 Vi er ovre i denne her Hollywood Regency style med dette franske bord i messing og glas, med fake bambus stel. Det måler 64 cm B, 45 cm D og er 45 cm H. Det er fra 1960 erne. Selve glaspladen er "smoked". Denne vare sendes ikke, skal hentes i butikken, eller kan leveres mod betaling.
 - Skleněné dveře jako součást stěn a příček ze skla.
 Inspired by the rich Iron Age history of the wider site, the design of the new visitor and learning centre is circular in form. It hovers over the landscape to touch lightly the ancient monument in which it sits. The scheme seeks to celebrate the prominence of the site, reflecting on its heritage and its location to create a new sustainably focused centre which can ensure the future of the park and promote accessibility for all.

* * *

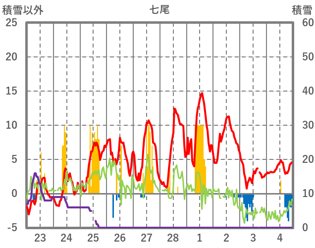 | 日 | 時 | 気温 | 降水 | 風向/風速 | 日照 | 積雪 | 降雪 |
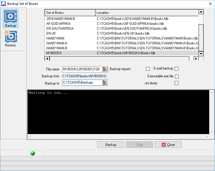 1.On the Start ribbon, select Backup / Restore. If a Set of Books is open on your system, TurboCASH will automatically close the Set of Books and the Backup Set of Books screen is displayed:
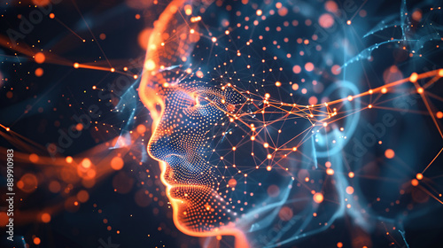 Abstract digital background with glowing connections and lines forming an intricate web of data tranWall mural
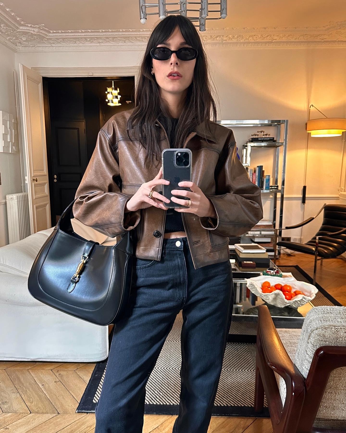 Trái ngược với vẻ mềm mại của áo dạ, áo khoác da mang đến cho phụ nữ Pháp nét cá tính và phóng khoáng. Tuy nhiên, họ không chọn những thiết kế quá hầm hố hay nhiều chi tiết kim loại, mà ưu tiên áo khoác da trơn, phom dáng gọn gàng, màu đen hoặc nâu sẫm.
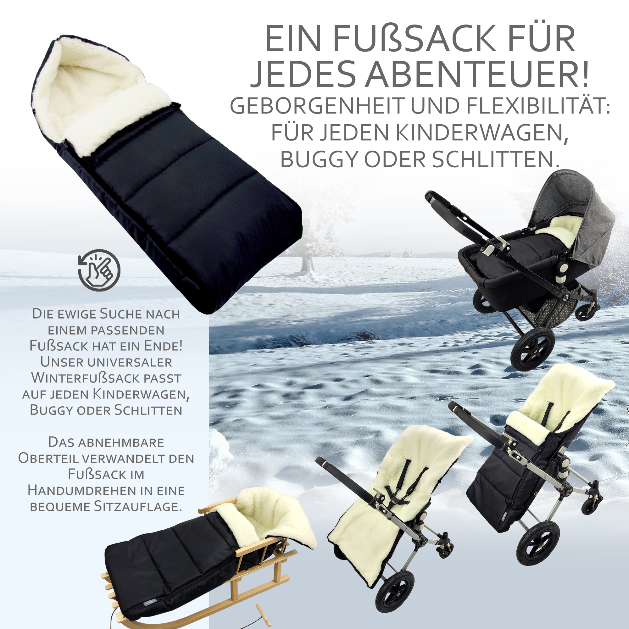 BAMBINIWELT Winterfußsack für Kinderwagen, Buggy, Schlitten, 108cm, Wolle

--

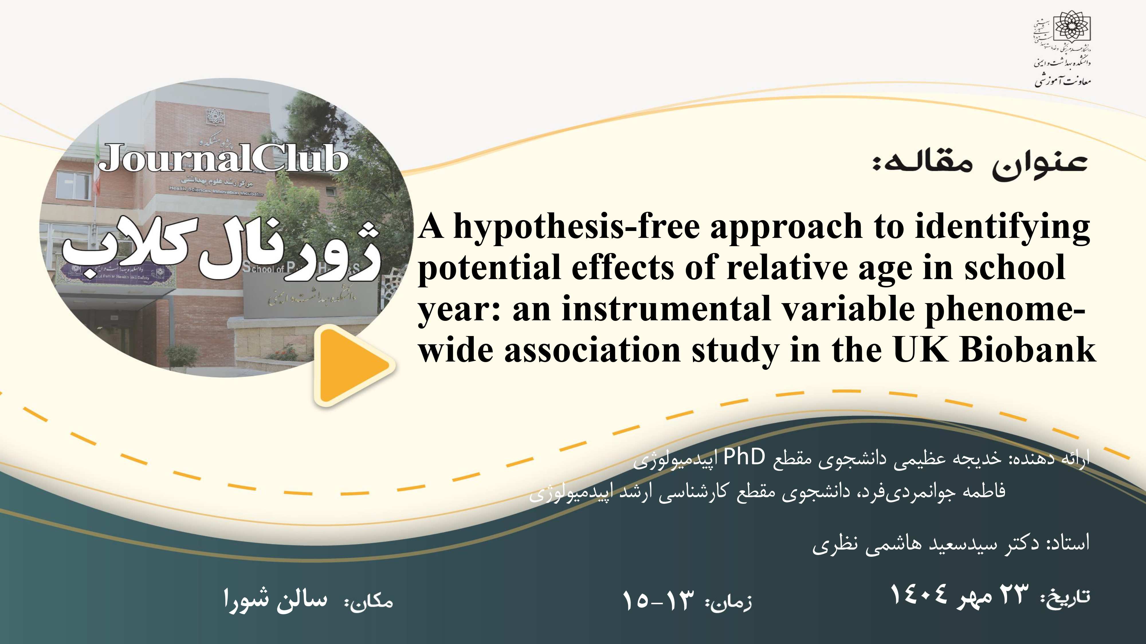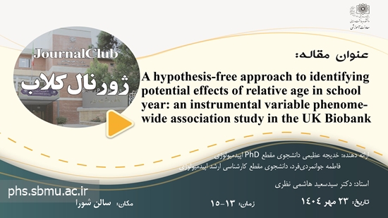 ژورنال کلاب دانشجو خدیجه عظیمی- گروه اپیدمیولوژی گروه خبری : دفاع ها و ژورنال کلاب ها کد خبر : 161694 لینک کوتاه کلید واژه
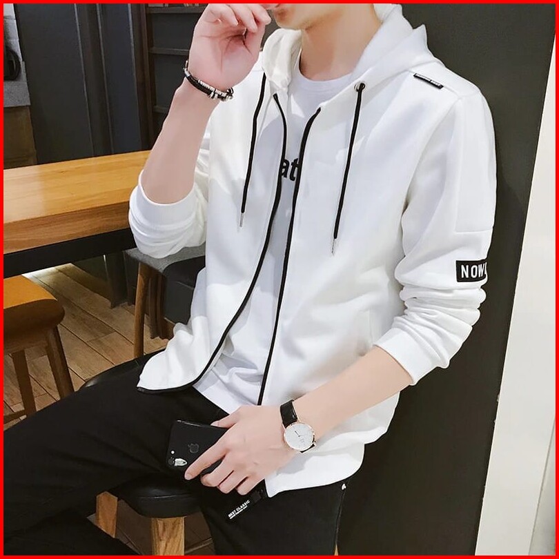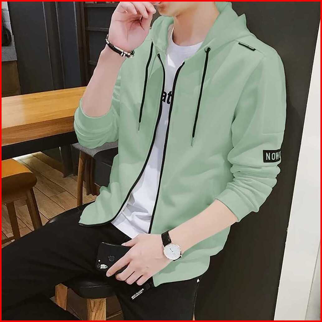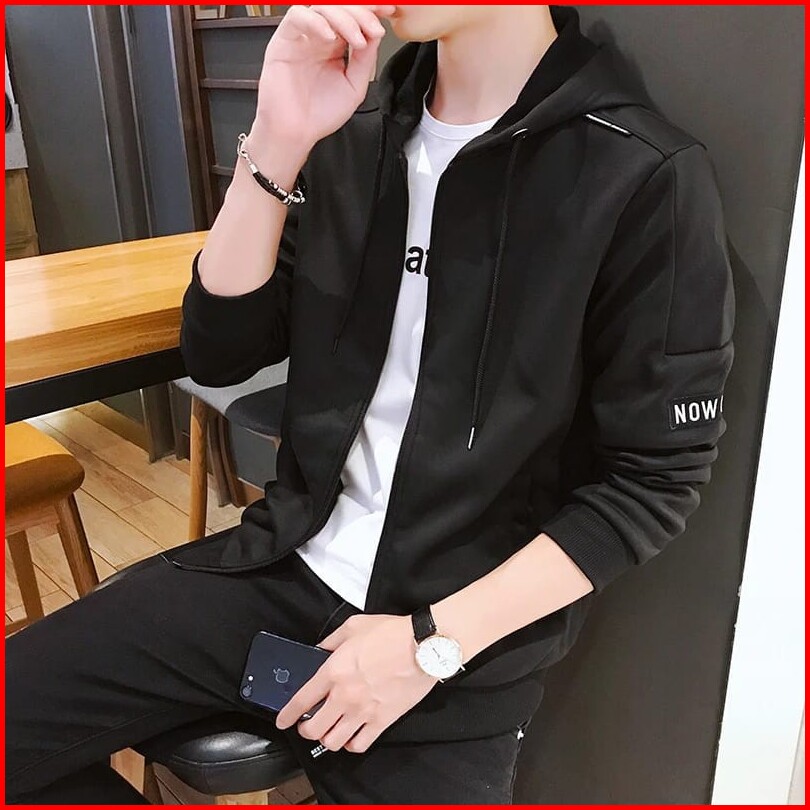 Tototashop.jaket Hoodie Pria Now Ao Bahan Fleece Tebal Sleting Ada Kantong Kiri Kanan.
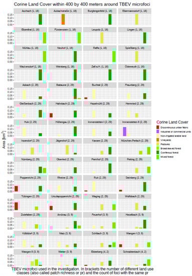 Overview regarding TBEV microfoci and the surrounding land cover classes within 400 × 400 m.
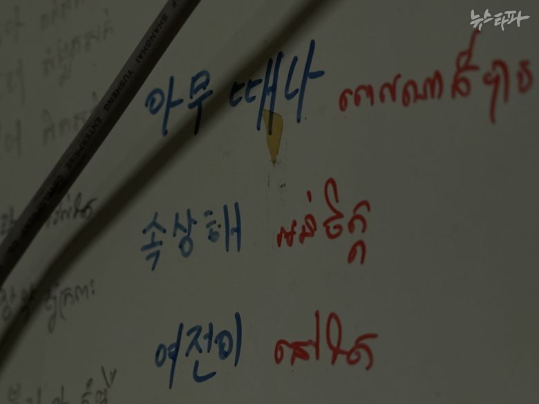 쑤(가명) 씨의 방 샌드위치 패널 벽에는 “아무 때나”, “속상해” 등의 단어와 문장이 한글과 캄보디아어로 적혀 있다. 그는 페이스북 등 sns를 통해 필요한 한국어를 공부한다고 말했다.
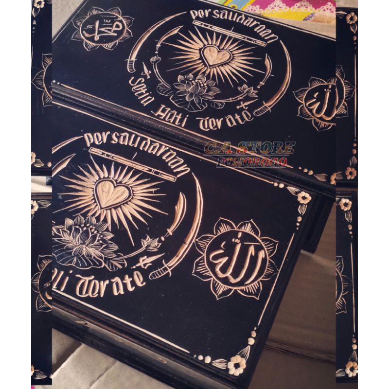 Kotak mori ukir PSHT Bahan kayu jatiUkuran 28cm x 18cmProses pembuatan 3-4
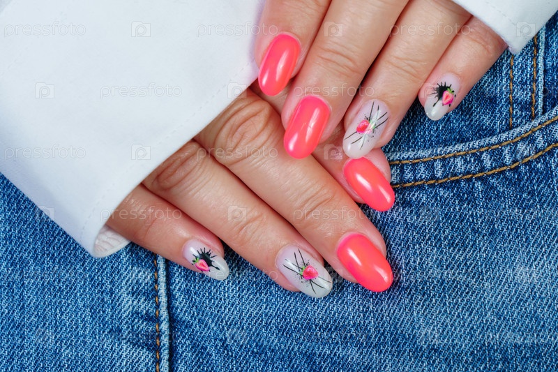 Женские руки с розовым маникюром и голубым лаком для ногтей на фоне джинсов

_Instructions for the task_
Take the records above and return, word for word, only the lines that fall from the line with "Vi er ovre i" to the line with "Inspired by the", both of them included.

_Problem solution_
 Vi er ovre i denne her Hollywood Regency style med dette franske bord i messing og glas, med fake bambus stel. Det måler 64 cm B, 45 cm D og er 45 cm H. Det er fra 1960 erne. Selve glaspladen er "smoked". Denne vare sendes ikke, skal hentes i butikken, eller kan leveres mod betaling.
 - Skleněné dveře jako součást stěn a příček ze skla.
 Inspired by the rich Iron Age history of the wider site, the design of the new visitor and learning centre is circular in form. It hovers over the landscape to touch lightly the ancient monument in which it sits. The scheme seeks to celebrate the prominence of the site, reflecting on its heritage and its location to create a new sustainably focused centre which can ensure the future of the park and promote accessibility for all.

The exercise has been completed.